I wanted to tell him that studying his commentary on the prayers gave me an understanding of these holiest days far beyond what I learned in 12 years of Jewish education.
And how his broader body of work has shaped my understanding of life.
I wanted to tell him that he had touched my life in an extraordinary way.
I wanted to thank him for all he had given me through the gift of sharing his words in these prayer books and in his other writings. And, beyond words, how he had touched me by sharing his humanity: his doubts, his moments of struggle.
Somehow I never “found” the time.
I never made the time. I never took the time.
I never thanked him for the impact his work made on me. For the way his work shaped my life.
Rabbi Sacks died shortly after the high holidays in 2020.
When I heard of his passing, I was hit with a pang of remorse and regret.
I never expressed my appreciation, and now it was too late.
Regrets of the Living
People often speak about regrets of the dying. But dead people don’t have regrets. It is those of us who remain behind who are burdened with what we’ve left unsaid.
Not sending a thank you to him is a regret that returns to visit me at this time of year. And in that regret is a powerful lesson I’ve tried to embody ever since.
There’s a common frame offered, meant to spark us into urgency to do the important things:
What would you do if you only had a year to live? How would you contribute? What would you say if this were your last day on earth?

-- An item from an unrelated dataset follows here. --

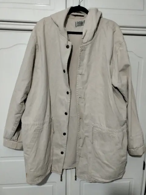 Chamarra de mezclilla larga para dama. Chamarra de mezclilla larga 55 CM de hombro de largo 90 CM largo manga 64 CM con gorro el la parte superior y trasera cinta de ajuste a la cintura 2 bolsas y botones en la parte frontal
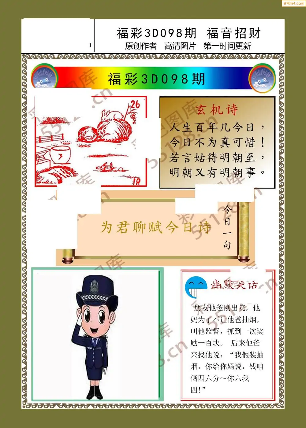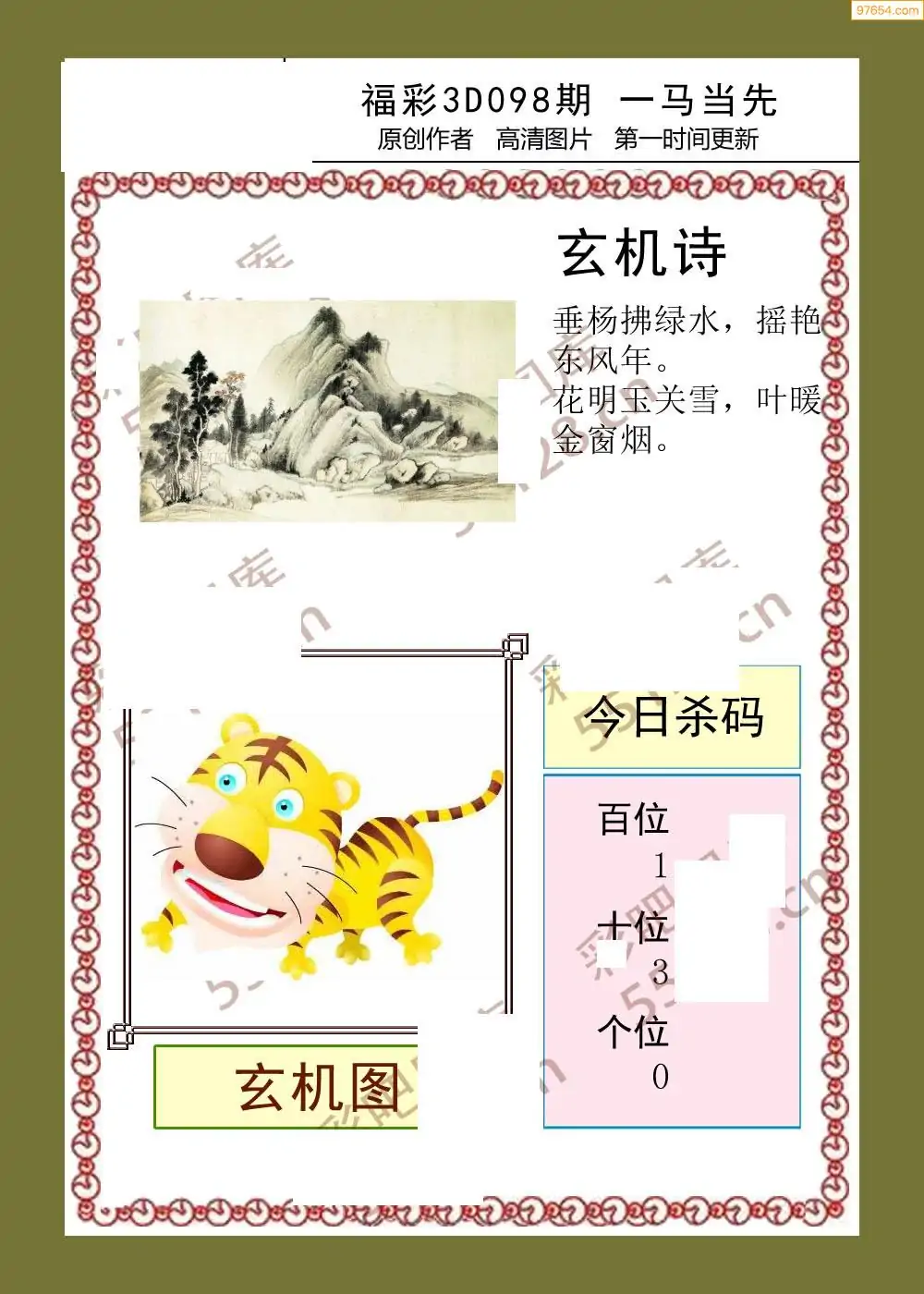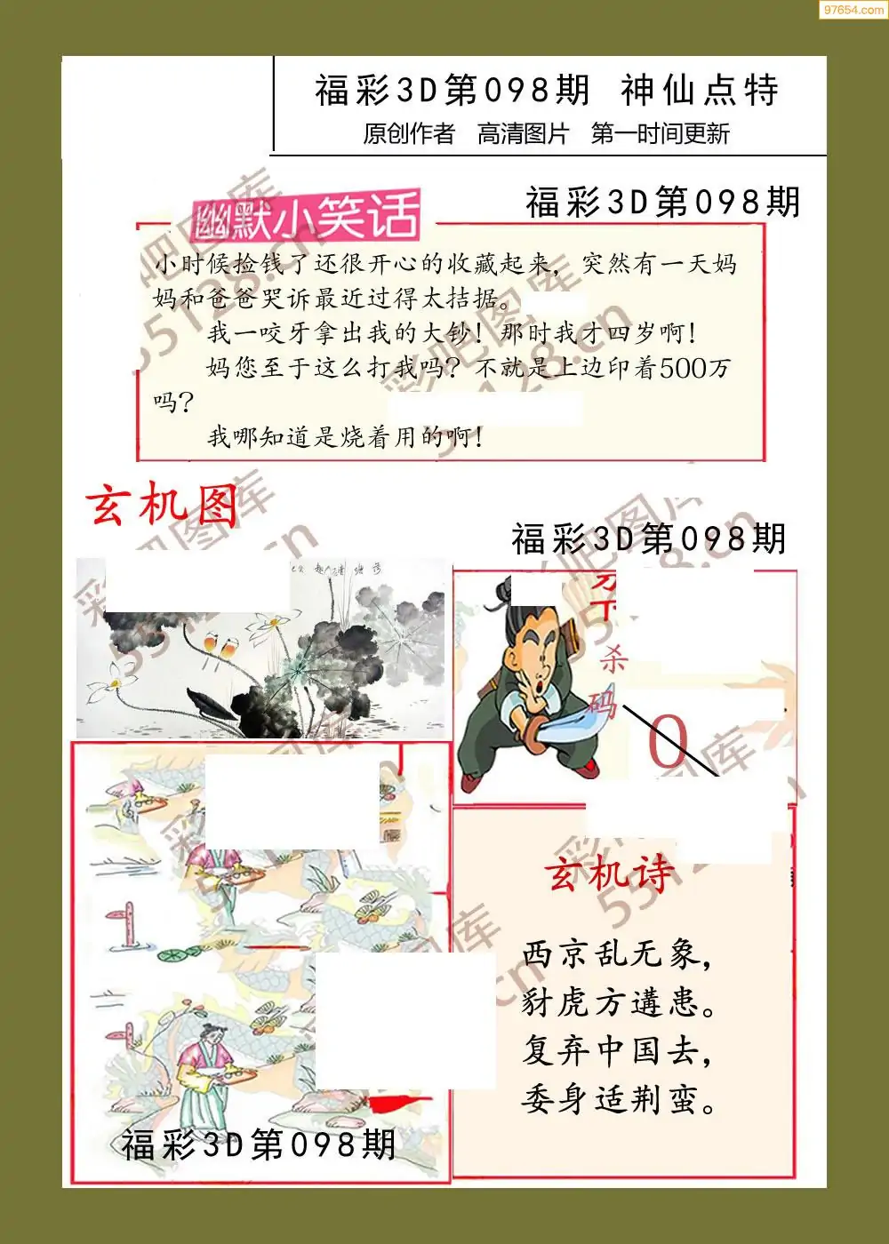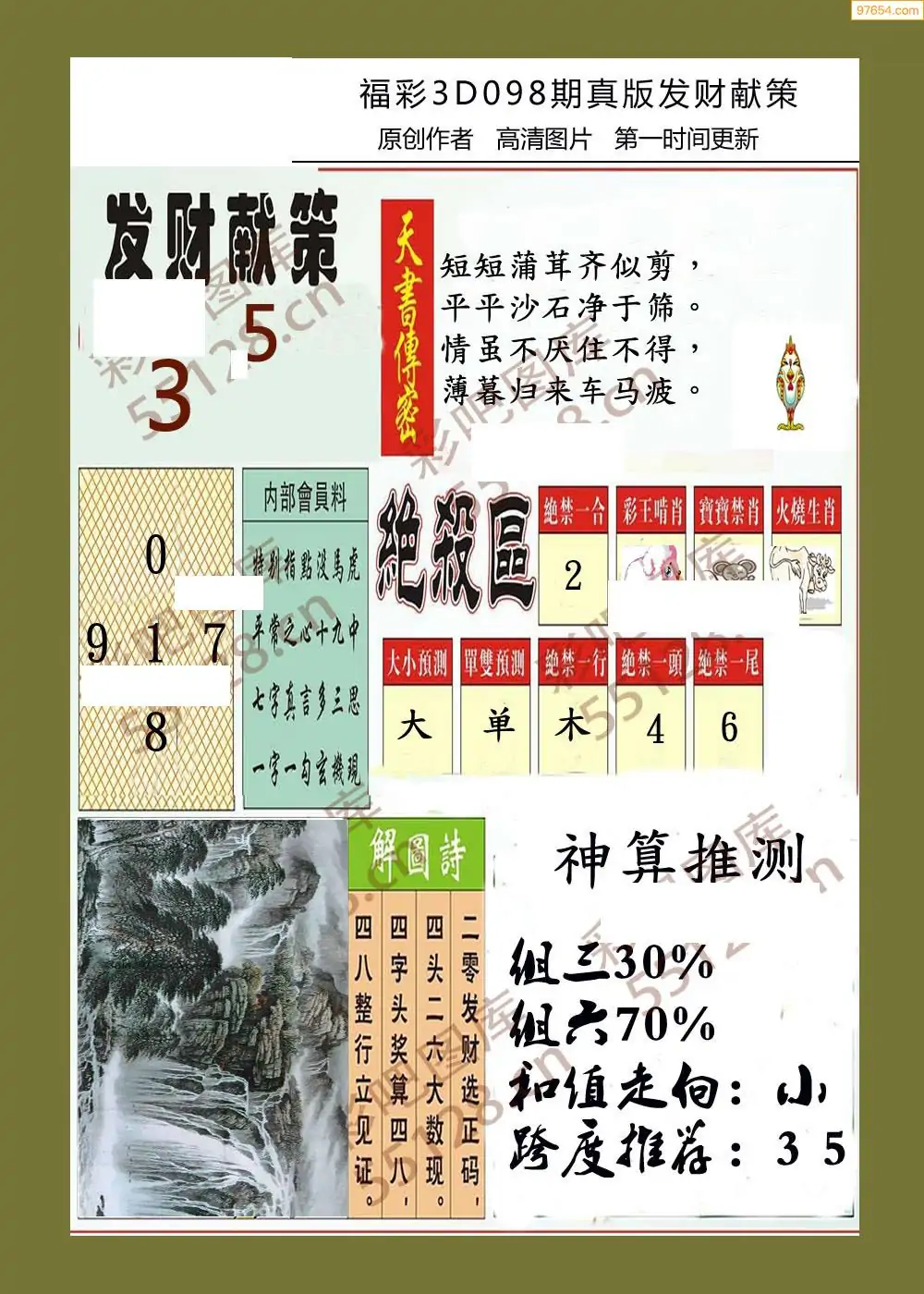 福彩3D098期天牛彩吧套图整合总汇

I prefer a different framing:
How would you show up with others if you knew today was their last day on earth? How would you speak to others if you knew this would be their last conversation?
The Trap of Rationalization
I could rationalize it away: I’m sure many people thanked him over the years.
He was a Lord. The Chief Rabbi of the UK. He traveled to teach and speak, and was revered around the world.
I’m sure he died knowing his work mattered and that he made an impact.
One more “thank you” from me would not likely have made a difference to this great man.
These might be truths, but they are irrelevant.
First, it contradicts one of the core teachings of the high holidays:
That each of us is here for a purpose and with something to contribute. No act is too small.
Who is to say that my gesture of appreciation wouldn’t have made a difference to Rabbi Sacks?
The Value of Appreciation to the Recipient
More generally, who’s to say that sharing our appreciation to others isn’t our greatest contribution to the world?
In fact, sometimes thinking of our life purpose in terms of a contribution to the world might be what gets in our way.
The “world,” is vast and amorphous. No individual has the capacity to impact or change the “world.”
But each of us can — and does — impact individual people every single day. And one of the best tools we have available to us in this effort is the tool of appreciation.
The right expression of appreciation or support for someone’s work can give them the motivation they need to keep going in the face of doubts about whether it’s worth the struggle.
We don’t know what someone might produce absent our affirmation or appreciation.
And what they produce might be life-changing for them and for those they impact.
When a sports team wins a championship, all the coaches and trainers also receive rings, reflecting their contribution to the team victory.
We should not underestimate the value of our appreciation to others; it can be transformative for them and their contribution.
The Value of Appreciation to the Giver
Second, when we express appreciation it’s not just the recipient who is transformed.
It is also us.
I deprived myself when I failed to express my appreciation.
Something within us changes when we express our gratitude to others. There’s an alchemical process that happens internally.
Appreciation of others opens our hearts.
It helps us see the world through a wider lens.
We see more possibility, more hope.
We are infused with more faith.
Our appreciation for others changes the world because it changes us and how we see the world.
And when we see the world through this bigger lens, we interact differently with people, and that has ripple effects.